By : Gunvor Garner Krejbeg
The image of two snakes intertwining could be said to constitute the visualized mantra for Boberg’s novel Americas. Two snakes, standing as a metaphor for the meeting of two cultures or states of consciousness. Or the two snakes which this memoir rediscovers in the gene, the foundation of all living things. Snakes that might for that matter go on intertwining to infinity. And while there are certainly plenty of snakes, insects and creepy-crawlies in these tales from South America, the scheme of Boberg’s travel memoir also twines this way and that. No educational journey this, no questing after departure or arrival, instead there is the cosmopolitan’s constant craving for experience and perception which, in Boberg’s literary hands, turns to absorption. Absorption in the journey. And it is not only the body that is on the move, the mind, too, is sent off on its travels by the psychoactive substance ayahuasca – a consciousness-expanding drug used in shamanistic rituals and extracted from, among other things, a plant whose stems just happen to twine themselves around one another, like snakes.
Americas is a collection of 30 tales, each of which is allowed to stand as a one-off experience, with no overall narrative thread linking them together. It tells of journeys that range, in geographical terms, from the USA in the north to Peru in the south, with these points representing not only the opposite poles of his journey, but also the opposite poles of those cultural contrasts which shed light on one another and in so doing, help give the book its perspective.
In the opening chapters the narrator reveals himself as young, naïve and seduced by the frenetic pace of American society and the pursuit of fresh highs. In the city, the narrator’s own sense of being dissolves – here travel equals escape. But when he is confronted with the truth-seeking shamanism that he comes across in Ecuador, Guatemala and Bolivia, as well as in Peru, his journey takes on a new dimension. Becoming an inner journey, in the course of which the narrator must face up to his fears.

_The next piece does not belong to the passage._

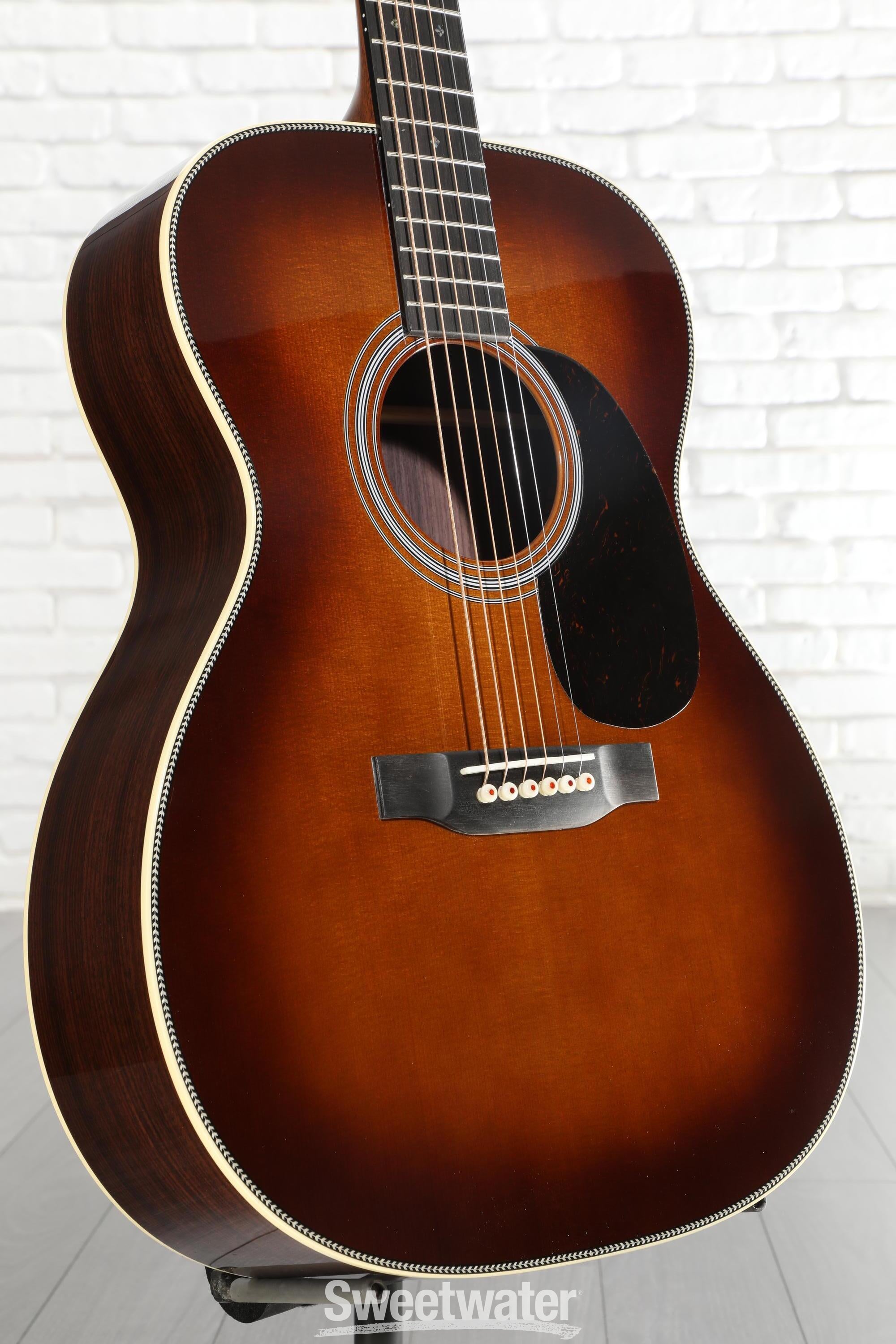 Making waves as one of Martin's most influential and high-fidelity acoustic body styles, the 000-28 continues to provide contemporary musicians and homebody players with traditional tone and power. Bound by tradition, Martin's Standard series acoustic guitars represent the pinnacle of golden-age acoustic guitar design, albeit equipped with an assemblage of modernized features for improved play and comfort. Potent sonics begin within the 000-28's meticulously selected spruce and rosewood tonewood formula and elite GE-scalloped X-bracing, fostering a developed yet authentic tone with plenty of room to accommodate any genre or play style. Its contemporary upgrades come in the form of complementary nickel hardware, a true bone nut and compensated bone saddle, and "Golden Era" appointments. Whether you're a fan of Martin's coveted mid-century guitar-building practices or need a new asset in your acoustic arsenal, the 000-28 is a ripe contender.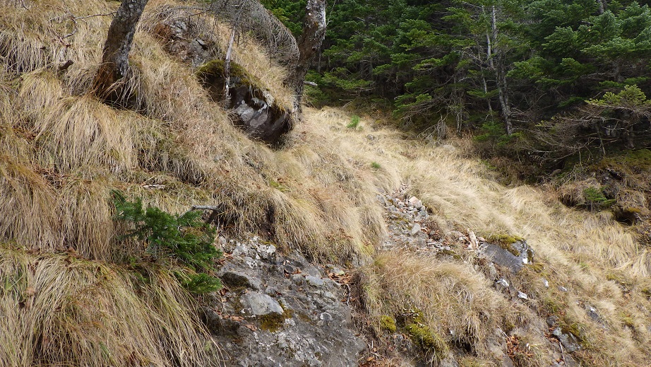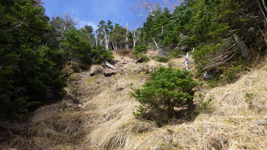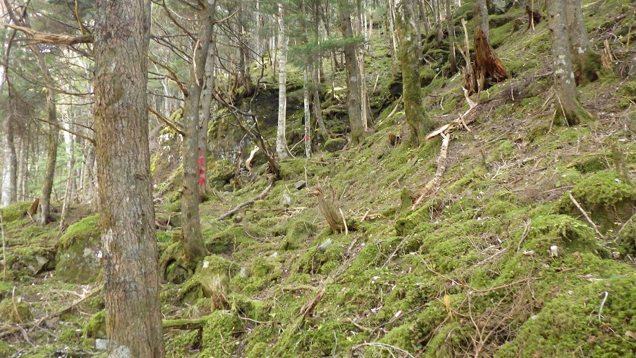 | 第一岩壁を右へ迂回し、沢状の地形にでるところ。ルンゼの一番上にもピンクテープがついているが、途中から左の樹林帯にはいり、第一岩壁上にでる。 | |

Americas describes an inward as well as an outward prospect, a journey that demonstrates the power of myth, a world of wonders. But above all else, this journey is a literary project which contemplates the relationship between words, travel and life: a relationship that proves to be a constant paradox, since here the narrator is travelling, not in order to reach journey’s end full of enlightenment and a new understanding of the world, but in order to write. And it is Boberg the poet’s highly visual prose that weaves together these travel memoirs of his – with a rhythmic, melodic verve.